What is a side project?
Definition (expr.) a side-project is something that you are doing aside from your main objective or job
Why do you need a side project? Because these ideas keep popping in your head and it’s a chance for you to apply your mind to solve it. For me it’s to learn, to understand how things work, to get your hands dirty, to get creative within constraints, to solve.
You probably cannot work on every idea that pops up - since everything is a function of interest, time, effort (and many times the cost to do it). Like classic ‘Getting Things Done’ (GTD) style - every idea I work on passes through the following stages
Capture - Everything goes into Trello
Clarify - Using the 80-20 rule sort ideas based on impact or unlocking constraints
Organise - Add context, research, what the broad approach will be to build / solve
Review - Once the idea is live, review feedback / traction, define next steps or axe
Engage - Ship incremental builds
Capture
I use Trello to keep track of all ideas. It’s important for you to see them so that you can correlate to the context and learnings from every idea. For me they fall under the buckets of broad random ideas, shortlist of ideas, ideas that have shipped, ideas that generate income and finally ideas that are done and dusted.
Clarify
What to work on and why - is the most important aspect of side projects. Some ideas make sense only when specific constraints are lifted. Like you know, all taxi and delivery apps made sense only when Google maps was good enough. As a designer I got irritated when my camera roll filled up with feedback screenshots. But Screeny wasn’t possible till iOS 8 launched APIs for camera roll access. Extragram was a web viewer we built for Instagram. It wasn’t possible till Instagram launched their photos, likes and comments APIs. When you are always on the lookout for such constraints - you get great adoption for your idea.
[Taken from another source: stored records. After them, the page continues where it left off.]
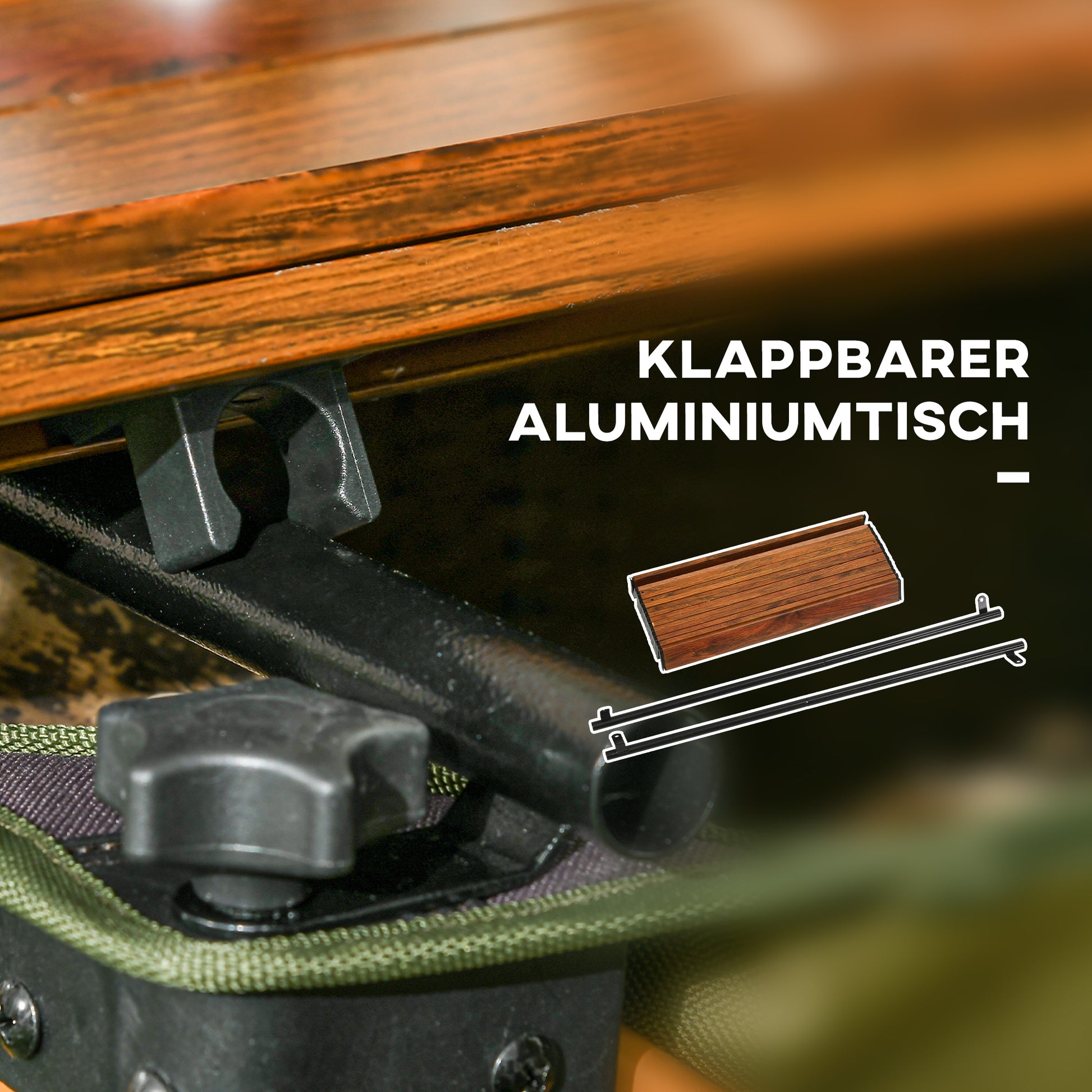 Foldable aluminum table: The practical lid transforms into a foldable aluminum table that can be used for work or as a picnic table. When not in use, it folds up to save space.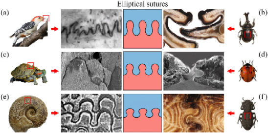 如图1所示,类椭圆型骨缝广泛存在于各类生物结构中。椭圆骨缝与其他类型的骨缝有较大差异。例如,椭圆骨缝在垂直于界面的方向上可以具有很强的互锁效应,这是正弦型等骨缝所不具备的特性。具有椭圆骨缝的铁甲虫可以承受高达自身重力39000倍的压力。然而,这其中的力学机理、椭圆型骨缝的力学优势等尚不清晰,有待进一步深入研究。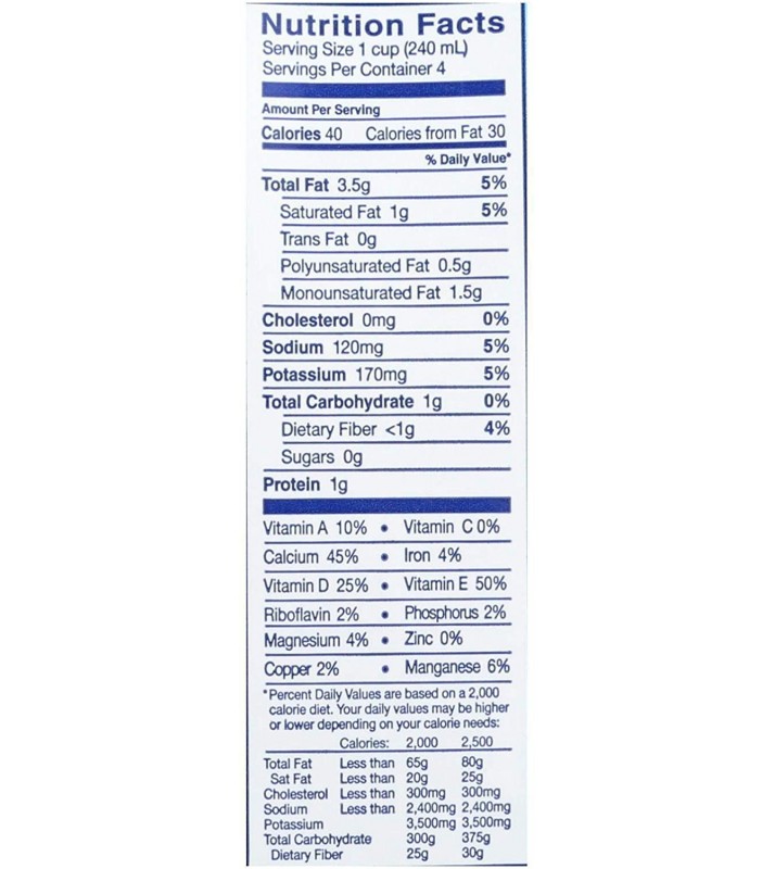 Casein, Gluten, Eggs, and MSGAll Natural with Added Vitamins & MineralsMade from REAL Almonds &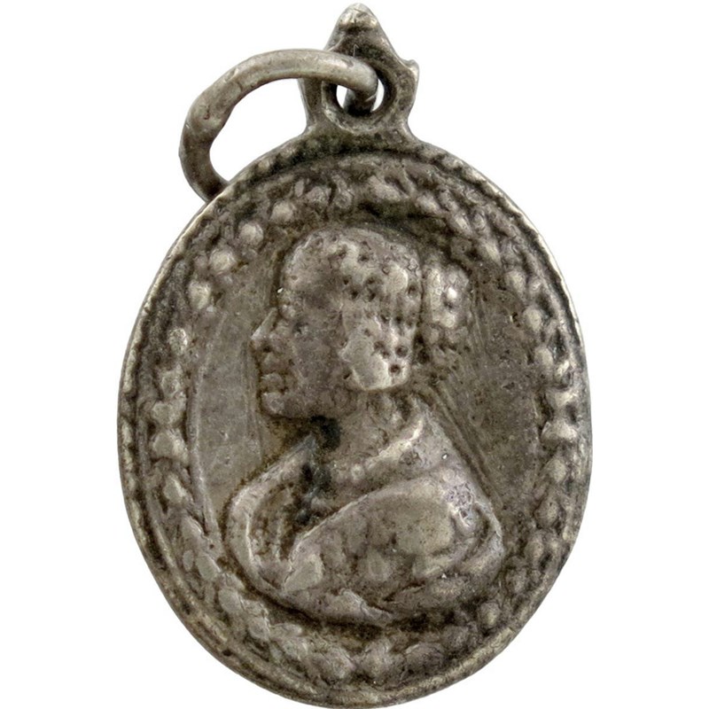 Charles I and Henrietta Maria, small silver Royalist Badge, bare-headed bust of Charles left, with long hair with love lock on left shoulder, wearing falling lace collar, rev., bust of Henrietta Maria left, hair tied in knot behind and wearing necklace with pendant, leaf border to both sides, 22.5 x 14mm (MI 358/225; Platt I, type D, p. 287), integral loop for suspension and ring. Very fine, scarce.

Most ideas are purely the pain-points I see in daily life with the hope that a lot of other people might have similar problems. The question “How do I filter my favourite tweets and tweetstorms in Twitter” gave rise to Storm it. The question “How can I bookmark or aggregate interesting videos that I stumbled on across different sites and watch them later when I am free” gave rise to Vookmark. And either there was no solution to these problems or the ones that existed, were just not good/classy enough. That said you should read this great post by Justin Jackson - aptly titled ‘Ideas aren’t cheap’
Organise, review and engage
Remember that side projects are something that you do apart from your main job or source of revenue. You have limited time to add life to the ideas, see them crawl, walk and run. Mostly post work, late into the nights or weekends. One good thing I have learnt from most makers is launch your iterations and launch often. Don’t worry it’s not that easy to copy ideas as Jason Fried puts in best
The copiers don’t understand where to take it next because they don’t understand the original intention. They don’t know the original moves so they don’t understand the next move.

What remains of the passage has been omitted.